── Input data ──

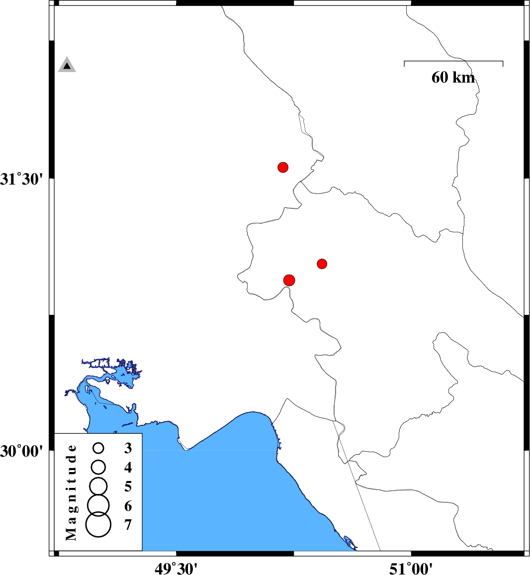 | 2012/01/04 | 03:09:11.3 | 06:39:11.3 | 31.56 | 50.18 | 15 | ML3 | Khoozestan Province, 27 km East of Bagh Malek |
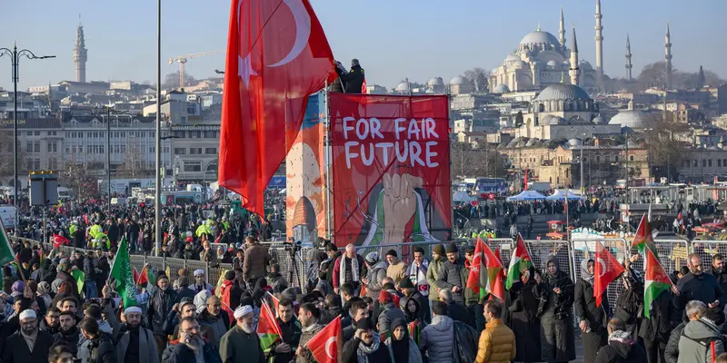 Hari Pertama 2025, Masyarakat Turki Gelar Unjuk Rasa Desak Penghentian Genosida di Gaza - Photo Liputan6
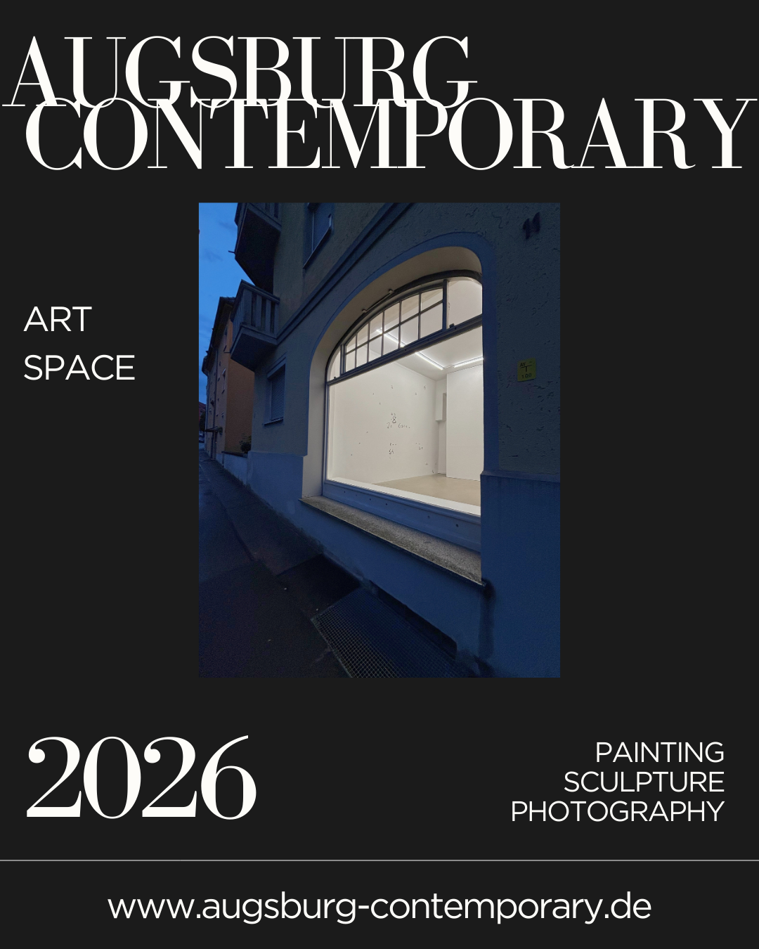 augsburg contemporary is a project space for innovative positions in contemporary art. Owner Andreas Stucken has been showing site-specific, conceptual works, painting, photography, sculpture since 2019 and presents selected artists at art fairs such as POSITIONS Berlin, paper positions and art karlsruhe. Past projects include the exhibition series "Domestic Space", which was funded by the German Government as part of NEUSTART KULTUR, and the network project "Art X Augsburg".
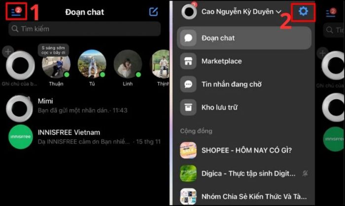 Bước 1: Mở ứng dụng Messenger. Sau đó, nhấn vào biểu tượng ba dấu gạch ở góc trái của màn hình và tiếp tục chọn biểu tượng Cài đặt.
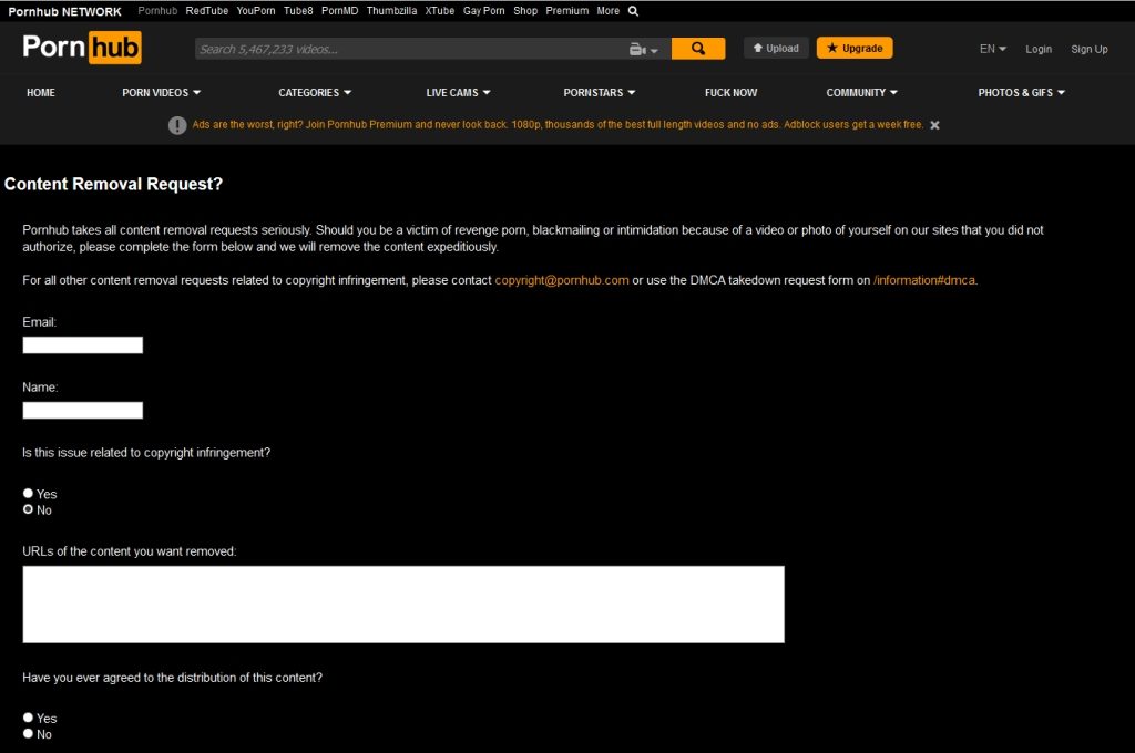Na najväčšej pornostránke na svete v podobe Pornhub.com môžete video nahlásiť pomocou formulára https://www.pornhub.com/content-removal. Zadajte v ňom svoje meno, email a označte, že nejde o nahlásenie porušenia autorských práv (takéto nahlásenie totiž slúži pre profesionálnych tvorcov porno videí, ktoré niekto nepovolene uploadoval).
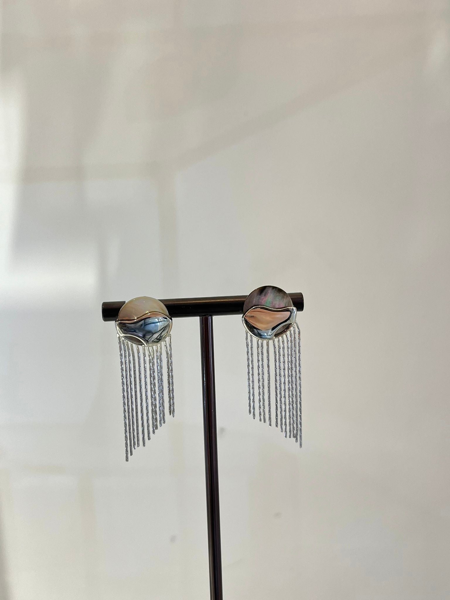 Love Whisper Earrings — a soft shimmer with a bold sway. Crafted in 925 sterling silver and luminous Mother of Pearl , each stud features an organic wave detail that hugs the iridescent shell, then falls into silky silver tassels that move with every step. Elegant, modern, and quietly romantic—like a love note you wear.

───

The task calls for all records to be set down precisely, excluding any images.

§ Completed task:
 | 2012/01/04 | 03:09:11.3 | 06:39:11.3 | 31.56 | 50.18 | 15 | ML3 | Khoozestan Province, 27 km East of Bagh Malek |
 Hari Pertama 2025, Masyarakat Turki Gelar Unjuk Rasa Desak Penghentian Genosida di Gaza - Photo Liputan6
 augsburg contemporary is a project space for innovative positions in contemporary art. Owner Andreas Stucken has been showing site-specific, conceptual works, painting, photography, sculpture since 2019 and presents selected artists at art fairs such as POSITIONS Berlin, paper positions and art karlsruhe. Past projects include the exhibition series "Domestic Space", which was funded by the German Government as part of NEUSTART KULTUR, and the network project "Art X Augsburg".
 Bước 1: Mở ứng dụng Messenger. Sau đó, nhấn vào biểu tượng ba dấu gạch ở góc trái của màn hình và tiếp tục chọn biểu tượng Cài đặt.
Na najväčšej pornostránke na svete v podobe Pornhub.com môžete video nahlásiť pomocou formulára https://www.pornhub.com/content-removal. Zadajte v ňom svoje meno, email a označte, že nejde o nahlásenie porušenia autorských práv (takéto nahlásenie totiž slúži pre profesionálnych tvorcov porno videí, ktoré niekto nepovolene uploadoval).
 Love Whisper Earrings — a soft shimmer with a bold sway. Crafted in 925 sterling silver and luminous Mother of Pearl , each stud features an organic wave detail that hugs the iridescent shell, then falls into silky silver tassels that move with every step. Elegant, modern, and quietly romantic—like a love note you wear.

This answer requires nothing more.